Task statement: Output only the lines below from the one holding "小刀の修正が出来たら大刀と共" down to the one holding "This stone coaster", both end lines included and every picture dropped.

Input material:
■ ■ ■ ■

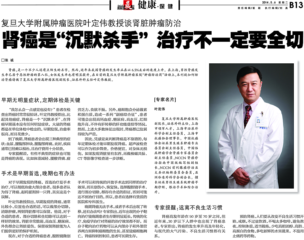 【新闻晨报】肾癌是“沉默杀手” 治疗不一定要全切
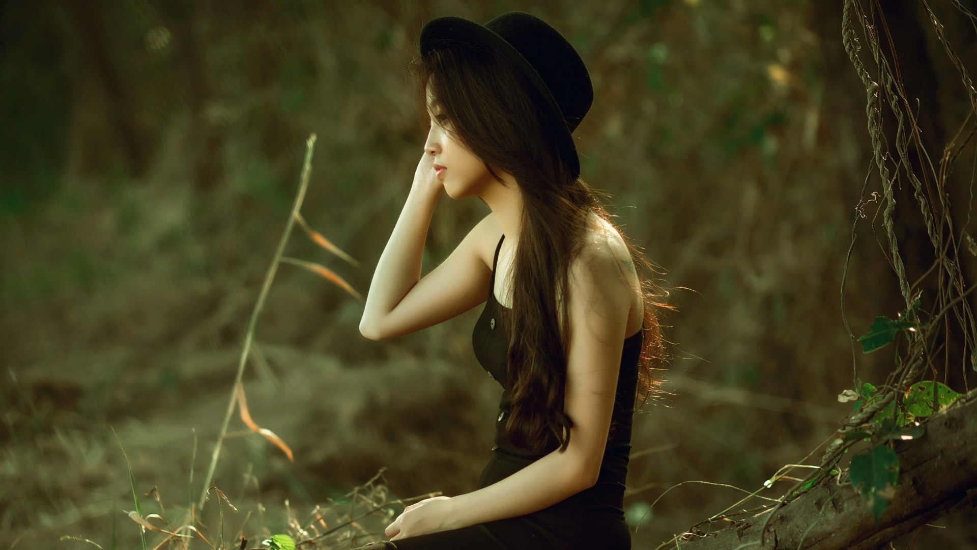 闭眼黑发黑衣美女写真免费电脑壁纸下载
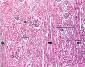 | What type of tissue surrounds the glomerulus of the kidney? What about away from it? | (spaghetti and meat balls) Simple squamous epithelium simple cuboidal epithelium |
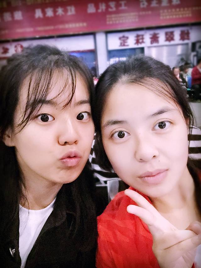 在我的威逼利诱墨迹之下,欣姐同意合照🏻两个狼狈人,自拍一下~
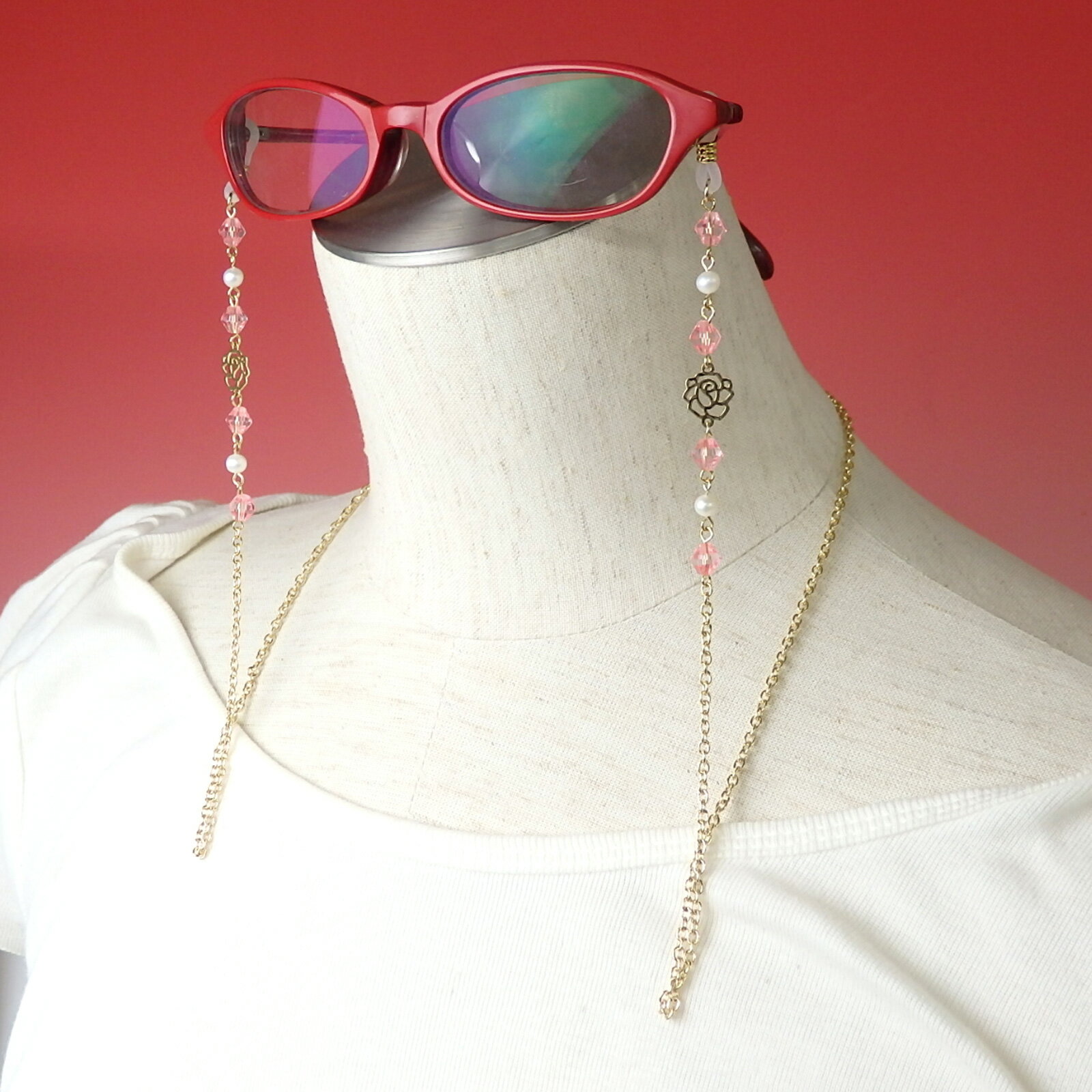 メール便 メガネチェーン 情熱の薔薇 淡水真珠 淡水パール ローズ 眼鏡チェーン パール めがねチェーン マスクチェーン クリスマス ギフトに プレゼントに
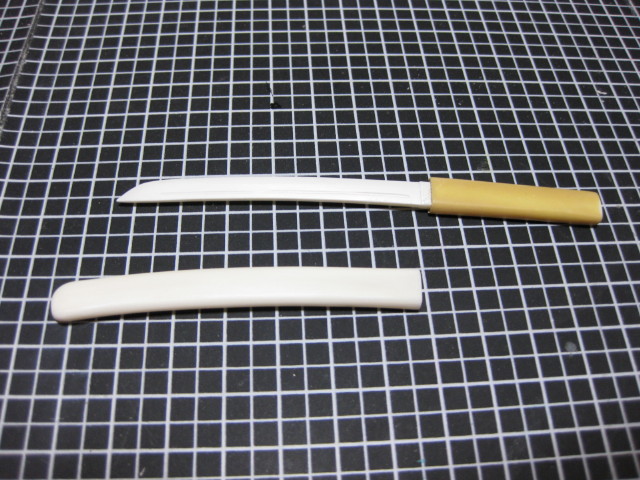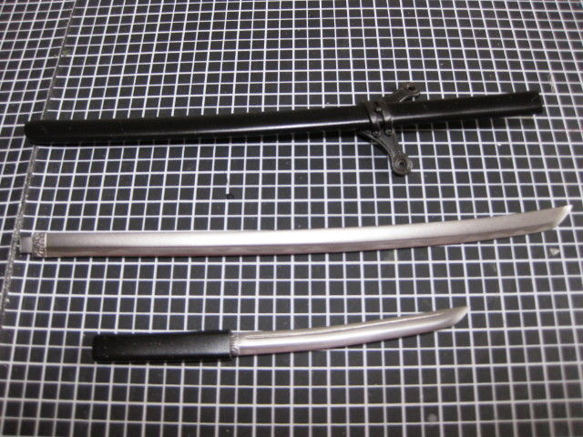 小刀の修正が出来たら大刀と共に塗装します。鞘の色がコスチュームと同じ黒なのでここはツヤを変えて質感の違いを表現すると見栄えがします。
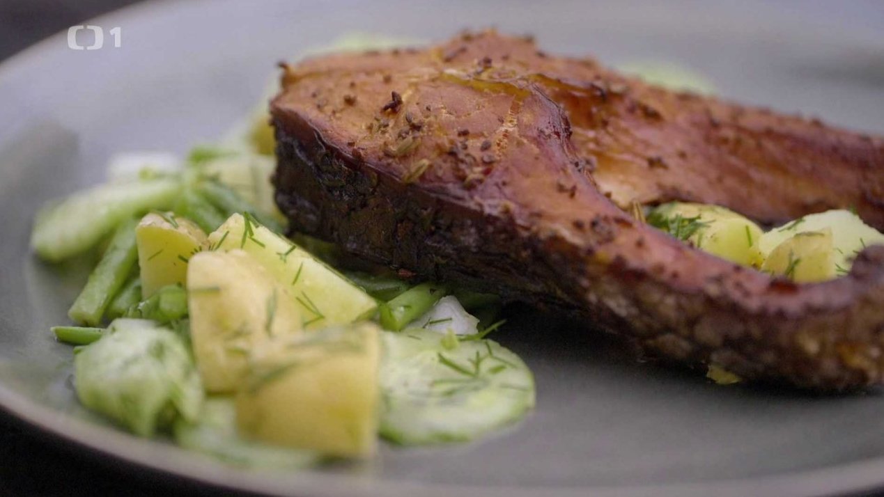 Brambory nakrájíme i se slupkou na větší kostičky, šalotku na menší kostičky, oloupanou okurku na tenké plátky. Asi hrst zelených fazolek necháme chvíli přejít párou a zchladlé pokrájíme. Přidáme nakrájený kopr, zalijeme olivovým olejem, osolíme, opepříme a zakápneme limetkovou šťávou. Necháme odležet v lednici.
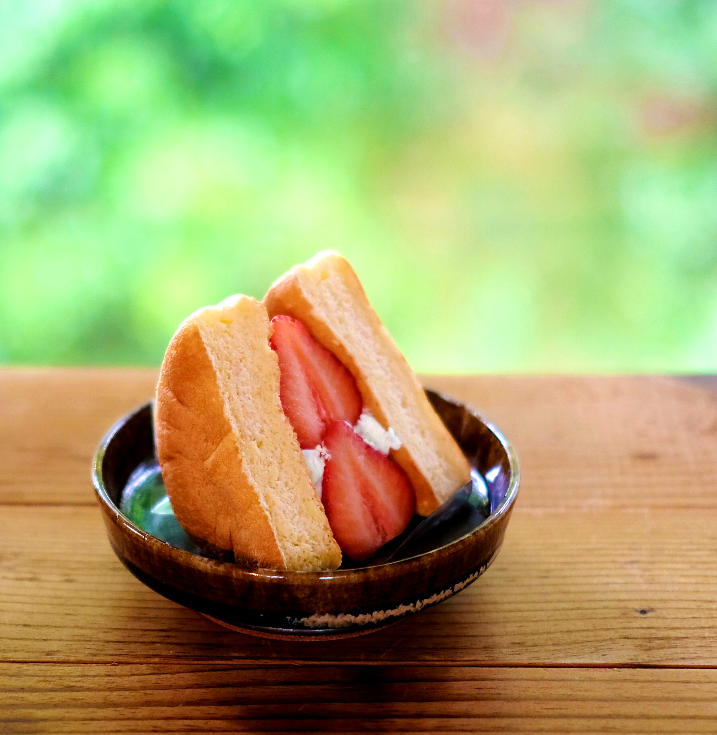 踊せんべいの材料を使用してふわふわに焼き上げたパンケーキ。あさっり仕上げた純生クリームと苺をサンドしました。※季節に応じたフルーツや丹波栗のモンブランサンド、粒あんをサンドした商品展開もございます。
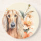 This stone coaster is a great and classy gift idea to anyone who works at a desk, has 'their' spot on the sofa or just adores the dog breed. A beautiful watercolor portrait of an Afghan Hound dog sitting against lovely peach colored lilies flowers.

■ ■ ■ ■

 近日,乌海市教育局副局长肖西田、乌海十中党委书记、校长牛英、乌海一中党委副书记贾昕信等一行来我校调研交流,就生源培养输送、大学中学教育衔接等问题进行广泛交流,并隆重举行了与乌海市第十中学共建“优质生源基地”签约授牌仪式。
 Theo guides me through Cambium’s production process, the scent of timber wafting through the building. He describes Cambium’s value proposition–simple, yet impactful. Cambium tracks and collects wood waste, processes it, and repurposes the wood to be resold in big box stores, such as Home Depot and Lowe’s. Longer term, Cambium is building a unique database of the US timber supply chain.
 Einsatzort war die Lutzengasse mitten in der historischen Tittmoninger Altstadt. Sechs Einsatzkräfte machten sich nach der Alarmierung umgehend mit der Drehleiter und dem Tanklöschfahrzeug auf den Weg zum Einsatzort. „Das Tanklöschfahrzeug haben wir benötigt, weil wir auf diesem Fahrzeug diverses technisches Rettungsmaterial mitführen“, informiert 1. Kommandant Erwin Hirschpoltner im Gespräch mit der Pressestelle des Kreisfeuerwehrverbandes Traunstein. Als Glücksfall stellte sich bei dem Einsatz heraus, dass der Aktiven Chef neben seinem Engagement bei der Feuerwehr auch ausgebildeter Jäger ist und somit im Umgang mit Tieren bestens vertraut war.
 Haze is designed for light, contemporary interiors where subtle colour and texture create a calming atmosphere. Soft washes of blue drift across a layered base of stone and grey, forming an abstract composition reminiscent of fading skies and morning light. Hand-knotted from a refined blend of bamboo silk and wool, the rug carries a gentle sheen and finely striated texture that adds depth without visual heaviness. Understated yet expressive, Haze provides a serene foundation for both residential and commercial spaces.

■ ■ ■ ■

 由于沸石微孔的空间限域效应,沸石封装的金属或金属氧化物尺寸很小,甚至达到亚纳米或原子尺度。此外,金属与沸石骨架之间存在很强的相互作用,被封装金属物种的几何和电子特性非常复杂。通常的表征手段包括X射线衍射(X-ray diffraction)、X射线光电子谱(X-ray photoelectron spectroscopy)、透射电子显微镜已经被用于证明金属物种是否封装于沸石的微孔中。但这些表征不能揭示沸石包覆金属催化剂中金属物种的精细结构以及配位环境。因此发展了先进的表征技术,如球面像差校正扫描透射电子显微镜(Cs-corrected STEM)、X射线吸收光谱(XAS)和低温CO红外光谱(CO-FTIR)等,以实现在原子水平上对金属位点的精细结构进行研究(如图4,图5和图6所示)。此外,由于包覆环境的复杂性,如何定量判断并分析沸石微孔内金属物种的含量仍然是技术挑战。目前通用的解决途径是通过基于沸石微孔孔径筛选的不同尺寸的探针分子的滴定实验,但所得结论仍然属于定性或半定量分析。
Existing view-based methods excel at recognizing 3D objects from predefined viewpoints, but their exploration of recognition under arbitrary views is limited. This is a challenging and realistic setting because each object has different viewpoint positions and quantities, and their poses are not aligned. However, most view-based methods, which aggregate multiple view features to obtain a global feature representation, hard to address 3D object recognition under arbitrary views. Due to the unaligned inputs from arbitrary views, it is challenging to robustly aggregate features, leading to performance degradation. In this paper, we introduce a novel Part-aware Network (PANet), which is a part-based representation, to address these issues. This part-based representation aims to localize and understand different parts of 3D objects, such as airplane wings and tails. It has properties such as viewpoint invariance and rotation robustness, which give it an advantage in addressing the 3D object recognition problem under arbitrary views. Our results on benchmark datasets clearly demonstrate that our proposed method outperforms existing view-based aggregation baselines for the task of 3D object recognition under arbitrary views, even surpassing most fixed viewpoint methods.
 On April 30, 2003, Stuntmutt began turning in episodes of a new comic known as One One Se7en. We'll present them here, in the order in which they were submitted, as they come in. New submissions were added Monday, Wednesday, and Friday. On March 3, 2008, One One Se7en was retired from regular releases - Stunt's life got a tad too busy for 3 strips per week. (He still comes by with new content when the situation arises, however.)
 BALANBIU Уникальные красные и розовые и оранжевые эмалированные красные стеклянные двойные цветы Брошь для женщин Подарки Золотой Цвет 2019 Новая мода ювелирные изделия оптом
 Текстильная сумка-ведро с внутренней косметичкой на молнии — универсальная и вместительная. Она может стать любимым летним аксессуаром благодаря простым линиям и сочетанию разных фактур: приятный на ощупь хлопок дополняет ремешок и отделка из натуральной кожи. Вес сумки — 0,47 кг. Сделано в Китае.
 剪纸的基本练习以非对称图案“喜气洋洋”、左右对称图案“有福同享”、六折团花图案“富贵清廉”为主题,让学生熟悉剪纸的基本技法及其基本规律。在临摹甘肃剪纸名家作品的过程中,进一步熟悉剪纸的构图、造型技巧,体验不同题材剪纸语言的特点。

■ ■ ■ ■

Response to this task:
 小刀の修正が出来たら大刀と共に塗装します。鞘の色がコスチュームと同じ黒なのでここはツヤを変えて質感の違いを表現すると見栄えがします。
 Brambory nakrájíme i se slupkou na větší kostičky, šalotku na menší kostičky, oloupanou okurku na tenké plátky. Asi hrst zelených fazolek necháme chvíli přejít párou a zchladlé pokrájíme. Přidáme nakrájený kopr, zalijeme olivovým olejem, osolíme, opepříme a zakápneme limetkovou šťávou. Necháme odležet v lednici.
 踊せんべいの材料を使用してふわふわに焼き上げたパンケーキ。あさっり仕上げた純生クリームと苺をサンドしました。※季節に応じたフルーツや丹波栗のモンブランサンド、粒あんをサンドした商品展開もございます。
 This stone coaster is a great and classy gift idea to anyone who works at a desk, has 'their' spot on the sofa or just adores the dog breed. A beautiful watercolor portrait of an Afghan Hound dog sitting against lovely peach colored lilies flowers.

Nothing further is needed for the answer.